ISM: Is this the mother of all inventory corrections?
The June 2009 Manufacturing ISM Report On Business® came out today and we saw yet another rise in the PMI to 44.8. While equity markets in the U.S. seemed pretty pleased that the numbers continue to go up, I found this report a bit troubling. Let me tell you why.
Back on January 2nd, we saw the ISM at a 28-year low of 32.4. With 50 as the break even between contraction and expansion, 32.4 was showing a deep, deep recession for the manufacturing sector. Since then, things have picked up considerably. In fact the ISM data indicates that the overall economy is growing for the second month in a row – and at a faster rate.
But what bothers me is the uneven picture painted by the areas highlighted in red. They point to an increase in production which is no longer predicated on growth in new orders. In short, we may be seeing a huge inventory restocking huge slowdown in the inventory purge – and that’s it. Notice how new orders are now contracting. Yet, inventories are considered too low. That has caused the manufacturing sector to crank up production to the point where production is now growing.
Translation: manufacturing and production are now adding to GDP instead of subtracting from it. This is something I certainly anticipated (see my post “Third quarter auto production to be significant boost to U.S. GDP”). However, it looks more like this increase in production is merely a response to the low level of inventories. Until we see new orders firmly above 50 on this survey, you should be sceptical as to the sustainability of any increases in production.
According to the ISM, the following is reflective of what survey respondents are saying:
- “Customer inventory burn is complete and real demand has reappeared.” (Machinery)
- “… a lot of people are requoting old business and using favorable pricing to negotiate with their current suppliers.” (Computer & Electronic Products)
- “Banks are reluctant to lend to businesses, and until this changes the economy will continue to be weak.” (Fabricated Metal Products)
- “Slow June, but firm large orders in July, August and September.” (Food, Beverage & Tobacco Products)
- “Market appears to have bottomed out as aftermarket has picked up slightly over the past month.” (Transportation Equipment)

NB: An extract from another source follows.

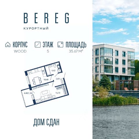 Апартамент 522 площадью 40,19 кв.м. в корпусе Wood с видом во двор Дом сдан!!! О проекте: "Bereg. Курортный" первый проект петербургского девелопера ELEMENT в Санкт-Петербурге, который был сдан в мае 2024 года. Малоэтажный проект расположен в тихой части Сестрорецка, в окружении парков "Гагарка" и "Дубки", на берегу живописного канала. В составе комплекса три корпуса: AIR, AQUA и WOOD ("Воздух", "Вода" и "Дерево"), которые включают 715 апартаментов, в том числе юниты с террасами-патио на первом этаже. Комплекс обеспечен всей инфраструктурой для комфортной жизни от детского клуба до собственной спа-зоны с бассейном, сухой сауной и тренажерным залом. "Курортную" атмосферу поддерживают концепция "двор без машин", перголы для отдыха, детские площадки в стиле "эко", променад на набережной с "островками" для медитации, а также зеленое благоустройство от Derevo Park на 28 000 растений. "Bereg. Курортный" ("Берег Курортный") расположен в тихой части Сестрорецка, в окружении заповедного лесопарка "Гагарка". Напротив, проекта любимый петербуржцами парк "Дубки". Всего в 300 метрах от комплекса находится небольшой яхт-клуб, где можно оставить свой катер или небольшую яхту. Преимущества "Bereg. Курортный" ("Берег Курортный"): 3 корпуса; 5 этажей; Концепция "двор без машин"; Закрытая территория с системой контроля доступа; Своя инфраструктура: лобби, бассейн, коворкинг, детский клуб; Собственная благоустроенная набережная; 300 метров до Финского залива; Рядом расположен в лесопарке; Эко-тропа с выходом в лесопарк "Гагарка"; ELEMENT создает премиальные проекты в сфере недвижимости Санкт-Петербурга — с уникальными концепциями, продуманным наполнением и сервисом самого высокого уровня.
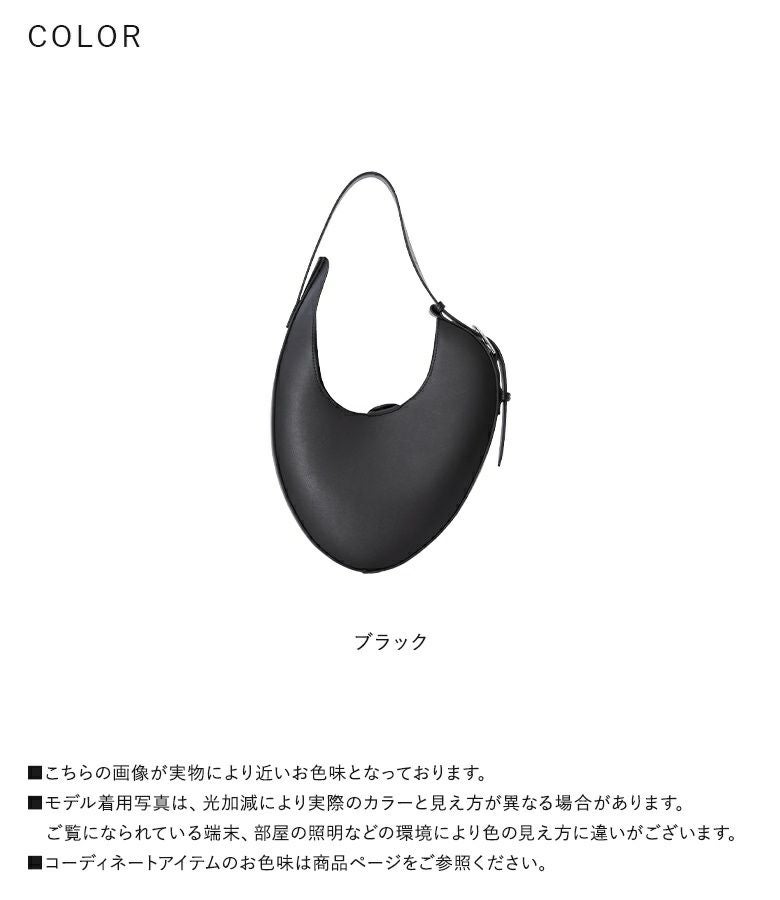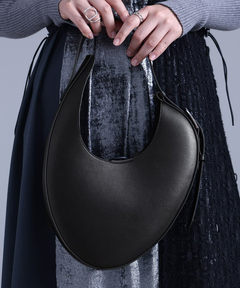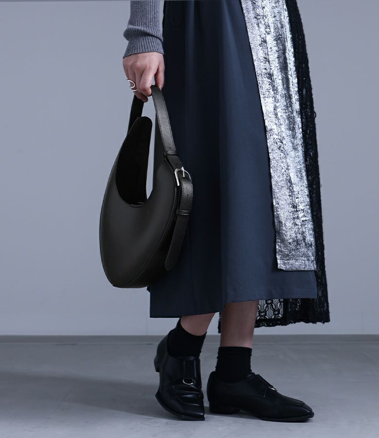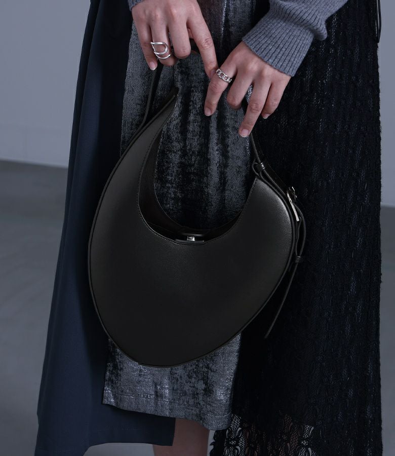 リサイクルレザーを使用した、モードな変形サークル型のオリジナルバッグ。バックルの効いたショルダーデザインがアクセントになります。

Based on this, one would surmise that production is ready to ramp up to meet new demand. All that is needed is more available credit. However, we will need to see new orders confirm this in the third quarter or this will wind up as the mother of inventory corrections and nothing more.
Source
ISM Manufacturing Survey – Institute for Supply Management
It will take a full quarter of good news before anyone can say with relative certainy that things are improving. The last 2-3 weeks have been full of “green shoot” irrational exuberance sans enough data points to support it. So far there are enough data points on continued contraction that I for one say it is far too early to make a call for recovery. The PMI points above are a case in point. An argument can be made for either side.
Exactly. Sure, I have been saying recovery is likely. But, I am well aware of what the risks to that outcome are. This report is very much a negative despite the headline number. Let’s see where new orders are in July.
I am still waiting for Alcoa to report earnings too.